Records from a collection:
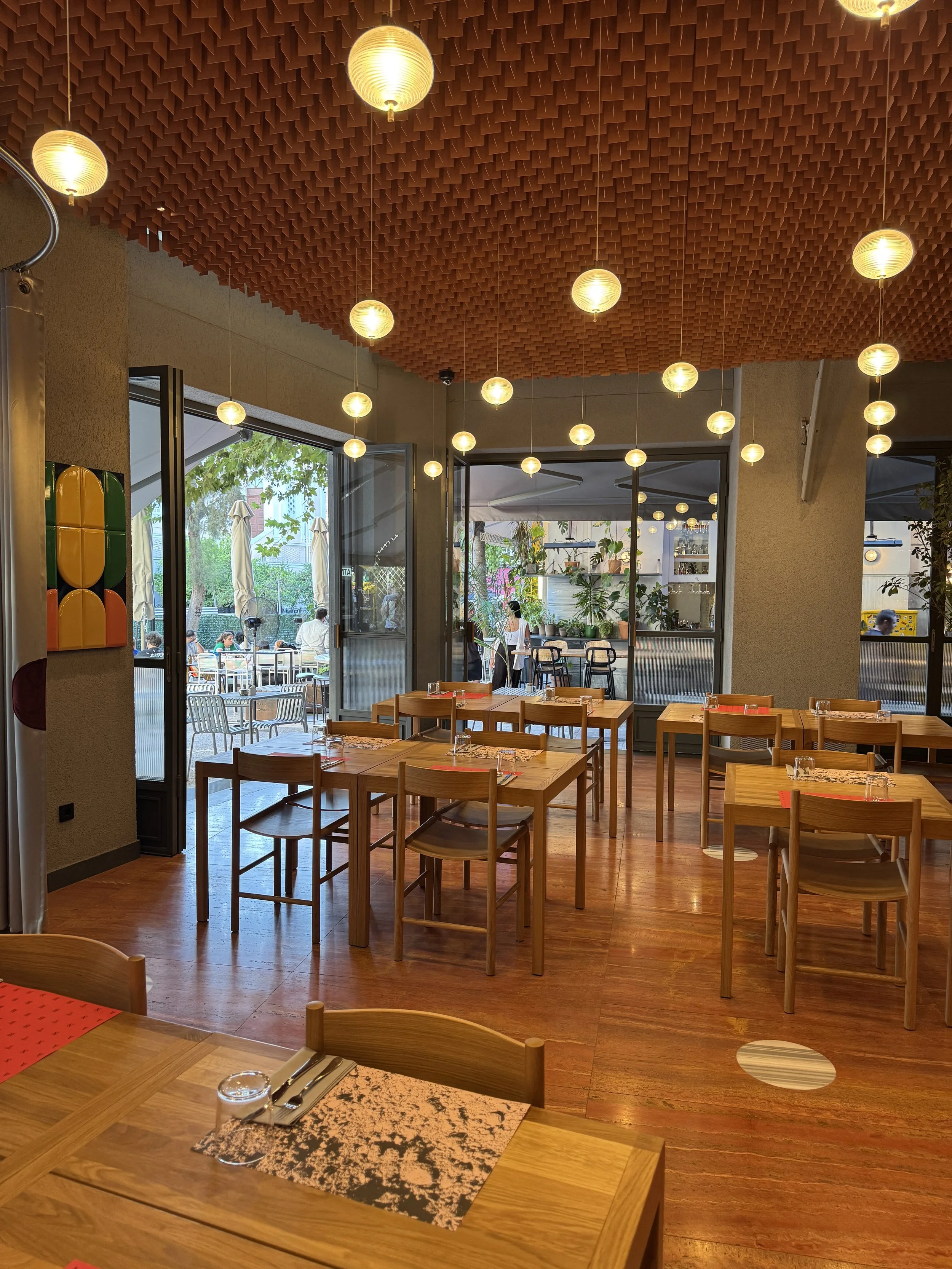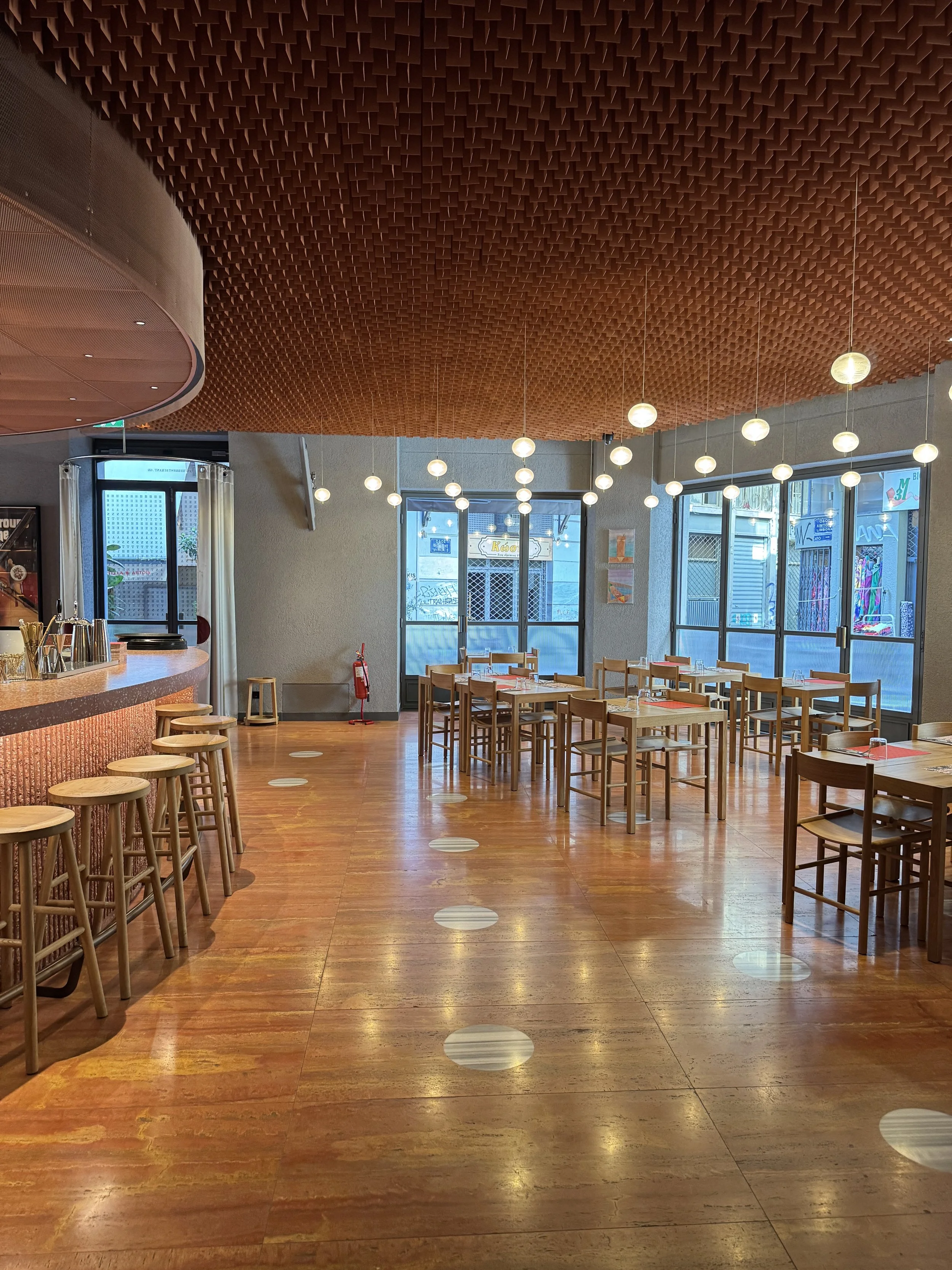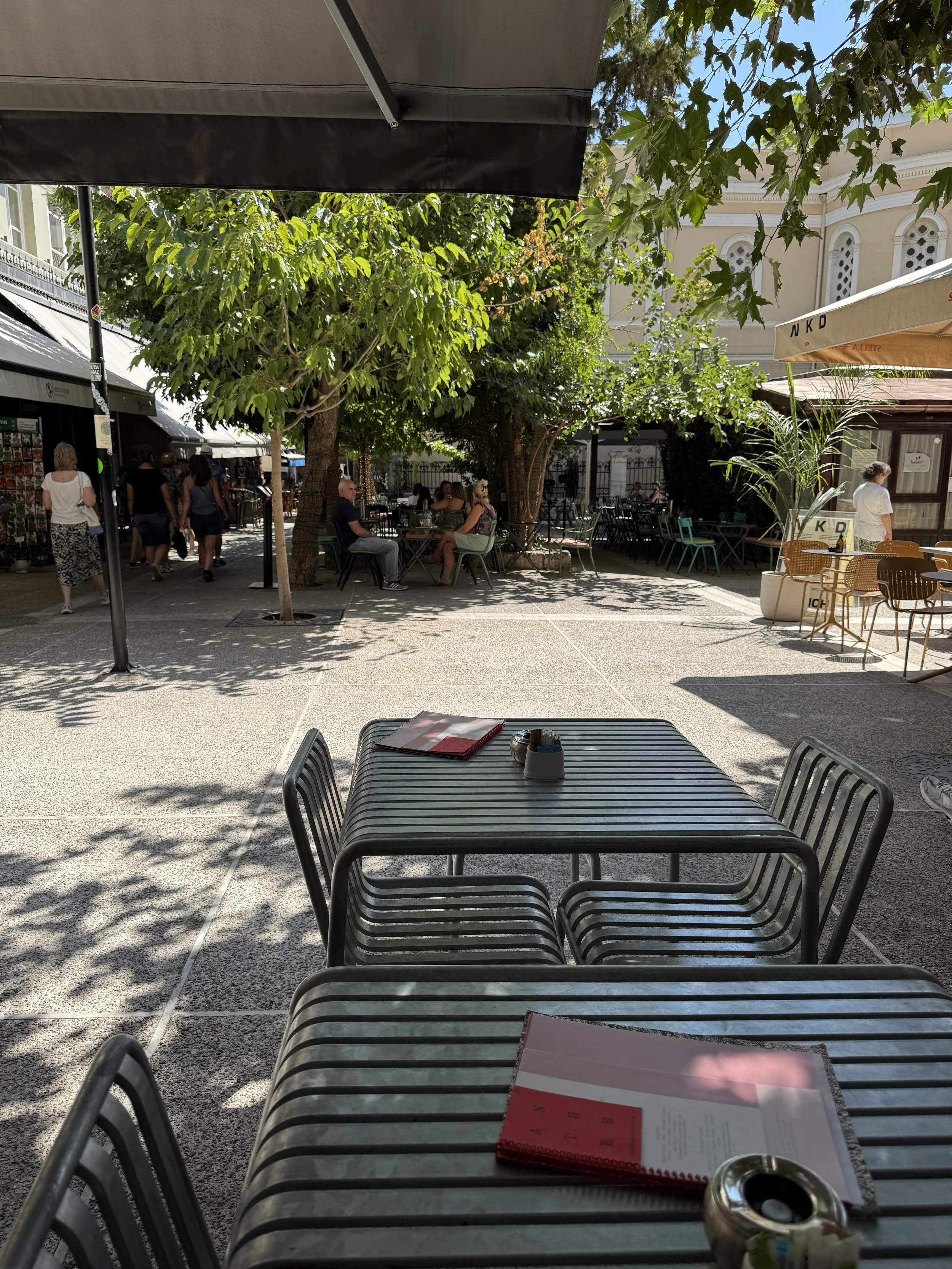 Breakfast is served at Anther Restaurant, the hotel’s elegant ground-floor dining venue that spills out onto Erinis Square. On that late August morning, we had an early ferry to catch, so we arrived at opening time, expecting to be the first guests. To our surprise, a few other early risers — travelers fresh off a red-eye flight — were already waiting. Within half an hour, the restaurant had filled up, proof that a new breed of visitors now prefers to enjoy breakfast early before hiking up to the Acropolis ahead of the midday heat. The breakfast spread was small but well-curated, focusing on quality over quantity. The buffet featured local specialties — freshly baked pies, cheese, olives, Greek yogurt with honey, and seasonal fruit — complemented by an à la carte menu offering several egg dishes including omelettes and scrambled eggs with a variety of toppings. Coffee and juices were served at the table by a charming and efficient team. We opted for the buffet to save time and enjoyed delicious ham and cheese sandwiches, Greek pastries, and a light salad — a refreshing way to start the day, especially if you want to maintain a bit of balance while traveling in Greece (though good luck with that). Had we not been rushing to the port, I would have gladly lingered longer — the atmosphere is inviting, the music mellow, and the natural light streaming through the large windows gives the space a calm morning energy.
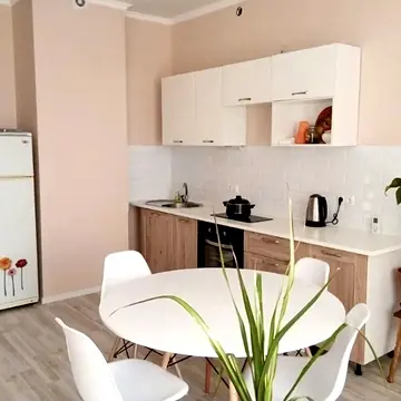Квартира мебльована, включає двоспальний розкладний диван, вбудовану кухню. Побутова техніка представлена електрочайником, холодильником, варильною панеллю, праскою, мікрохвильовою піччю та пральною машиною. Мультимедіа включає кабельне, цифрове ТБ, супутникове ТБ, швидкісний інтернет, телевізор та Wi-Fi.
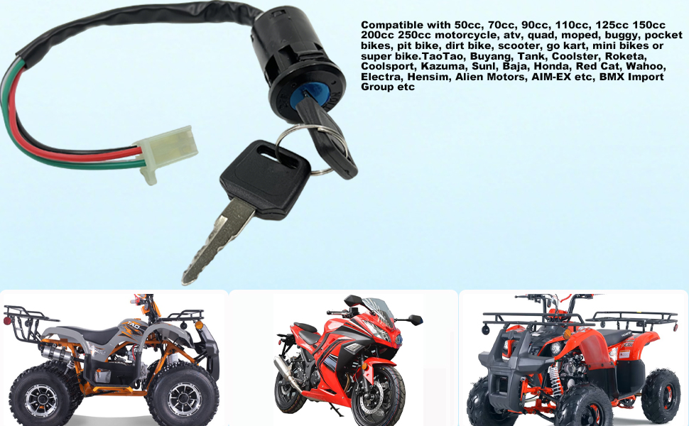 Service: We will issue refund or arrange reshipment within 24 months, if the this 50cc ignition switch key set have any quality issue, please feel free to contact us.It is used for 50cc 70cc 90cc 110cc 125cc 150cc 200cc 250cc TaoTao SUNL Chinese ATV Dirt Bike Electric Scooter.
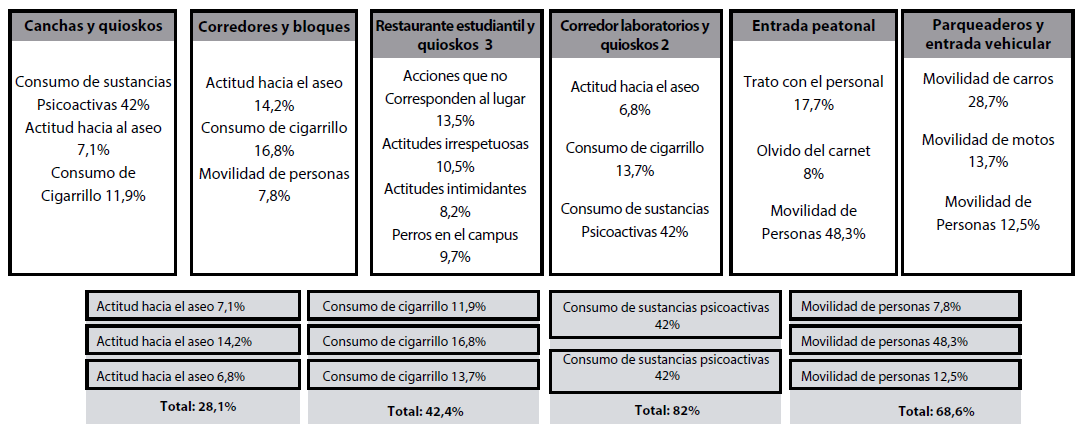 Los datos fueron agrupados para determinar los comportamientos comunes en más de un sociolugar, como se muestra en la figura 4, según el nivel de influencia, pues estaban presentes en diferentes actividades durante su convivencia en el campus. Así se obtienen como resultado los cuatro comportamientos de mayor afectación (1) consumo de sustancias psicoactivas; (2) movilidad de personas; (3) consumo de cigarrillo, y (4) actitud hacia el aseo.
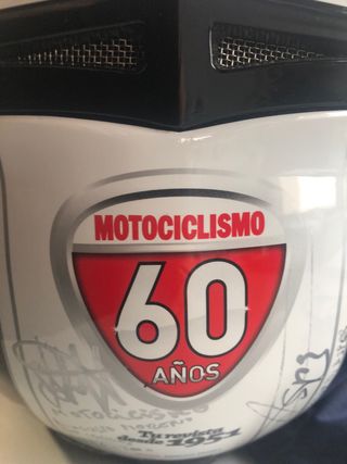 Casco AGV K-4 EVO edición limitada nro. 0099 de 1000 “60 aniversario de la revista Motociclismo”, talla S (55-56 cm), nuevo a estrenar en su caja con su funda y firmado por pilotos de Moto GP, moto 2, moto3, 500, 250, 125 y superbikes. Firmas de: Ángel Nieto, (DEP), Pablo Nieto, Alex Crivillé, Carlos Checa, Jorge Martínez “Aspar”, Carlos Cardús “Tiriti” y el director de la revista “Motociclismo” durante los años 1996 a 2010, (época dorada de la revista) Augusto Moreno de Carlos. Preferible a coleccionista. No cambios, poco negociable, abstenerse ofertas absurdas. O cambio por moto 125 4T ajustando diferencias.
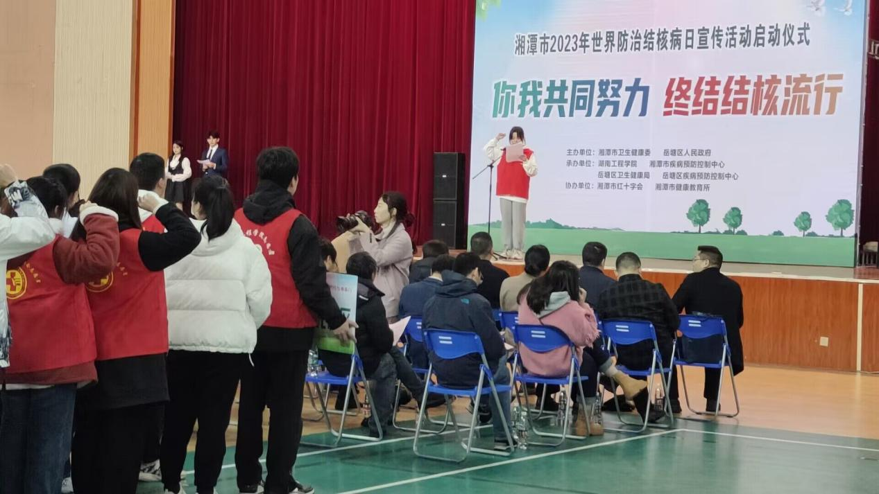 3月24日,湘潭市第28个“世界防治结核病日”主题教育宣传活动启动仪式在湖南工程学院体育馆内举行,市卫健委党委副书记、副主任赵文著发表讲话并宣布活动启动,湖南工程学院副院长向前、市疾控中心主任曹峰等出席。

= EXERCISE DESCRIPTION =
What is needed is an exact copy of the lines from the start of the records through the line containing "Квартира мебльована, включає", with no pictures.

= SOLUTION =
 Breakfast is served at Anther Restaurant, the hotel’s elegant ground-floor dining venue that spills out onto Erinis Square. On that late August morning, we had an early ferry to catch, so we arrived at opening time, expecting to be the first guests. To our surprise, a few other early risers — travelers fresh off a red-eye flight — were already waiting. Within half an hour, the restaurant had filled up, proof that a new breed of visitors now prefers to enjoy breakfast early before hiking up to the Acropolis ahead of the midday heat. The breakfast spread was small but well-curated, focusing on quality over quantity. The buffet featured local specialties — freshly baked pies, cheese, olives, Greek yogurt with honey, and seasonal fruit — complemented by an à la carte menu offering several egg dishes including omelettes and scrambled eggs with a variety of toppings. Coffee and juices were served at the table by a charming and efficient team. We opted for the buffet to save time and enjoyed delicious ham and cheese sandwiches, Greek pastries, and a light salad — a refreshing way to start the day, especially if you want to maintain a bit of balance while traveling in Greece (though good luck with that). Had we not been rushing to the port, I would have gladly lingered longer — the atmosphere is inviting, the music mellow, and the natural light streaming through the large windows gives the space a calm morning energy.
Квартира мебльована, включає двоспальний розкладний диван, вбудовану кухню. Побутова техніка представлена електрочайником, холодильником, варильною панеллю, праскою, мікрохвильовою піччю та пральною машиною. Мультимедіа включає кабельне, цифрове ТБ, супутникове ТБ, швидкісний інтернет, телевізор та Wi-Fi.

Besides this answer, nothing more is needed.